Turn, Turn, Turn

The famous Pete Seeger song has our editor in chief reflecting on 30 seasons of architecture and design.

Time and again, some song or another hums in my brain, but none as often as Pete Seeger’s “To Everything There Is a Season.” His lyrics (borrowed from Ecclesiastes) pop up at the most fortuitous moments, as they do now while I’m trying to encapsulate my 25 years at Metropolis. The phrase that keeps singing in my head—“a time to gather stones together”—helps me say what I’ve been thinking about the design movements that have defined the 30 years of our publishing adventure. Modernism has deep historic roots, beginning with the founding ethos of the new, industrially sophisticated 20th century, but by 1981 all we had left of it was an eviscerated philosophy, turned into a style and divested of its social mission.

With this corruption of modern design came a long, dark season of Style Wars. But we believed in the design community’s humanist impulses and tried to keep its larger mission alive. So when postmodernism came along, I was hopeful. Seeing architects search for historic inspiration with great tomes of exquisite architectural details open on their desks, I thought, This is good.

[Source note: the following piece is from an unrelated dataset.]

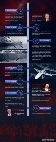 Quant à Washington qui a dit avoir mobilisé son armada dans le Golfe en une opération de dissuasion destinée à faire comprendre aux Iraniens que le ciblage de n’importe lequel de ses alliés signifiait une guerre des États-Unis contre l’Iran, et qui a ensuite annoncé avoir des preuves quant à l’implication de l’Iran et des ses alliés dans les incendies des pétroliers survenues quelques semaines plus tard, [les 4 pétroliers dans les eaux territoriales des EAU et les 2 pétroliers dans le Golfe d’Oman, sans oublier la frappe contre l’oléoduc saoudien reconnue par les Houtis ; NdT], il s’est contenté de déclarer que l’armée américaine n’interviendrait directement que si ses propres forces étaient ciblées.

Surely they will also find the time-tested secrets of building siting, daylighting, natural ventilation, using water and plants to bring nature into action and into view—the sum total of human understanding of how to build on the land. That didn’t happen, of course. We kept suffering from that storied modern illness, amnesia, and ended up with Italianate palazzos and Greek temples, facades tacked onto sealed buildings with energy-guzzling cooling and heating systems.

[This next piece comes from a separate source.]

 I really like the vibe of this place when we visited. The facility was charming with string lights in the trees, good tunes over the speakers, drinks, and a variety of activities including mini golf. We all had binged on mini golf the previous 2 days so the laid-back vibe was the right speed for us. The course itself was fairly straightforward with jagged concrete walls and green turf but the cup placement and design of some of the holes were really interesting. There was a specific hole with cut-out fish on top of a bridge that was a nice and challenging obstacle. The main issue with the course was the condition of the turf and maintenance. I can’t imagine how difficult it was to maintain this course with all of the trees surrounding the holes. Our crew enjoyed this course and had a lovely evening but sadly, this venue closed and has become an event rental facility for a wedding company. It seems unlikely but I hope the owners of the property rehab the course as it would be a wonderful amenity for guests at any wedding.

As minimalism gained strength, with its impulse to do more with less, in the service of creating beauty that functioned perfectly for its intended purpose, I grew hopeful once more. Surely we would start debating our reckless use of materials and spaces. But that didn’t happen either. Minimalism, too, turned into a high style without much talk about environmental and social underpinnings.

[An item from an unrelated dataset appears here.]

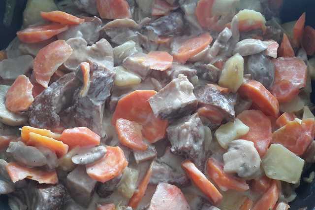 250g de seitan, 200g de champignons émincés, 4 carottes coupées en rondelles, 1 échalote hachée, 200mL de bouillon de légumes, crème ou lait de soja non sucré, fécule de maïs, huile d'arachide, sel, poivre.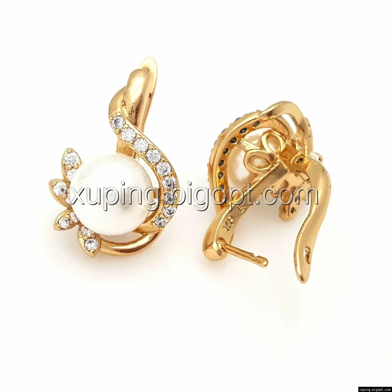 Серьги Завиток с Жемчужиной, англ.замок, позолота

When lawmakers discovered that nearly half of Americans were victims of these Style Wars, they passed a momentous piece of civil-rights legislation, the Americans with Disabilities Act. The mandate of the law, that everything in the built environment should be designed to enable people of all sizes and with varying abilities, was met by truculent compliance by the design community. Sure, a lot of things have improved in the past two decades, but I have yet to see systems thinking embedded in the design process. What if, for instance, way-finding began on the city streets and was carried into the smallest nook of the home or office?

We now know that the piecemeal fixes of the past decades represent an outdated approach. As natural disasters flash across our screens with increasing frequency, we understand that it’s time to address the complex problems we face. We’re learning about systems thinking, which is about the connectivity we must find between every design project and the sum total of human knowledge that’s embedded in our technical inventions, the sciences, our cultures, and beliefs. As I see it, this is our season “to gather stones together.”